Multiple attorneys cited in multiple lawsuit rampant misconduct of attorneys in disciplinary committees.

Recently, a lawsuit was filed as to the policy of the 1st Department disciplinary committee, where Professor Lieberman worked for 13 years, of a long-standing policy of white-washing and destroying files and complaints against politically connected attorneys.

Recently, I FOILed statistics on attorney discipline in New York.  New York Court Administration, the same court system under the guidance of the same Judge Lippman, denied me access to that statistics and to records of appointments to the disciplinary committees.

It appears that New York court system - intentionally, in my view - does not keep statistics as to whether discipline is imposed upon solo attorneys, civil rights attorneys, criminal defense attorneys disproportionately to attorneys from large law firms employing relatives of judges.

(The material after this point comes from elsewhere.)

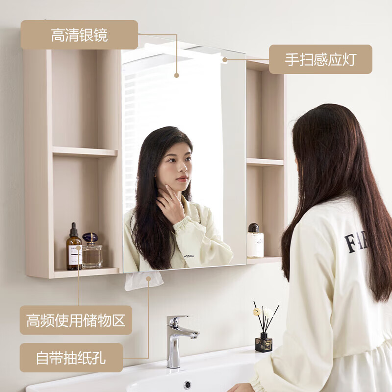 ANNWA浴室柜陶瓷一体盆智能镜洗脸盆柜组合卫生间洗漱台洗手盆1米价格:2549.00元!
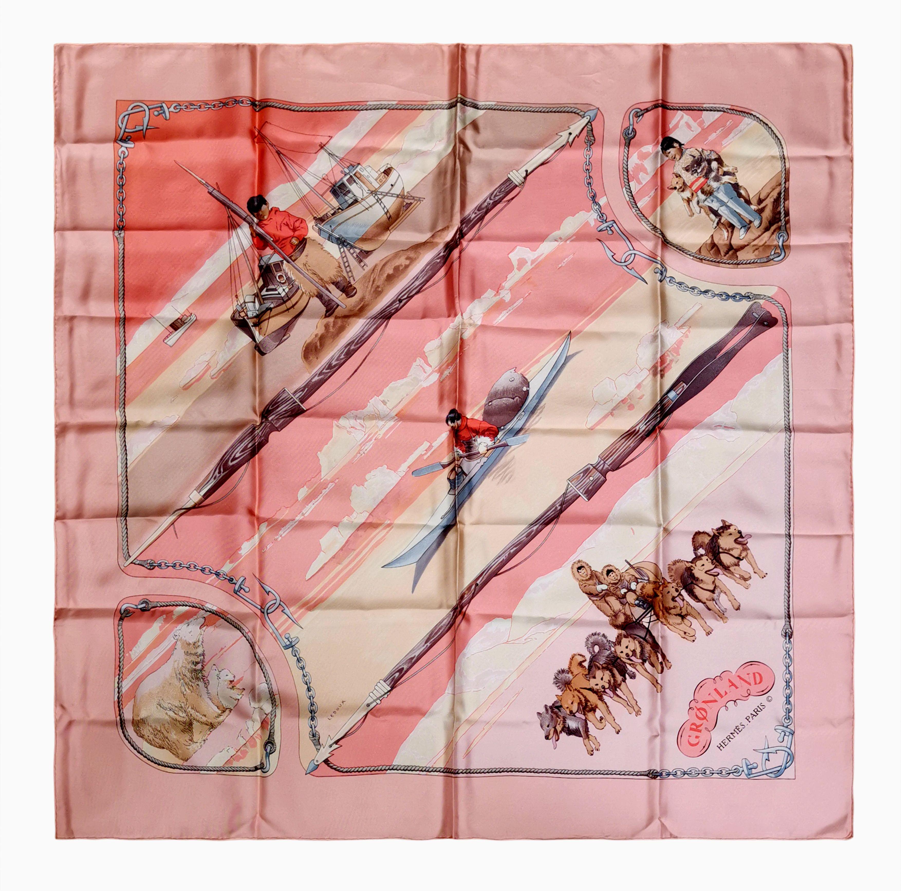 Le premier à décor de cavaliers sur fond blanc et bordure rose et le deuxième à décor d'inuits sur fond saumon, soie, 88x88 cm

Archives of complaints in the disciplinary committees are not preserved.  I know it for a fact as to the 3rd and 4th Department where I have personal experience with denial of access to those files, on my own behalf and on behalf of my client (and husband), and with denial of my complaints against attorneys working for or connected to the government, with the letters of denial being template letters bearing no file numbers of attorney names and preventing the tracking of the disciplinary files of such attorneys.

In fact, in the 1st Department disciplinary committees, according to an insider's lawsuit of attorney Anderson, complaints against politically connected attorneys are destroyed and whistleblowers of that misconduct, such as attorney Anderson, fired.

Lawsuits against disciplinary attorneys are routinely dismissed on grounds of "judicial" immunity.  Yet, disciplinary attorneys act as prosecutors - part of executive branch - in courts which legislate, adjudicate and, through disciplinary committees as "arms of the court", prosecute attorney discipline, a complete disdain to the concept of separation of powers or the true rule of law.

None of that I saw in Professor Lieberman's blog, or his articles.

I guess, touching upon issues that are too sensitive, which are at the core of what is wrong with the legal system, which are at the core of why there is no hope for truly independent legal representation in the State of New York while attorney regulation exists the way it does, may undermine financial well-being of the "expert", and, as part of the Commission, investigator and trustee of public safety and of public access to legal services. 

In my personal opinion, it appears that Professor Lieberman's vested financial interest in preserving the status quo of attorney regulation - including his insider ties to the industry and his income derived from representing attorneys before disciplinary committees and being on speaking terms with attorneys in such disciplinary committees - undermine the neutrality or appearance of neutrality, for that matter, of Professor Lieberman as an expert/participant in the Statewide Commission that is seeking to establish uniform and fair attorney discipline while protecting the public.

For that reason, I will not really be holding  my breath waiting for reports from the Commission advised by such experts.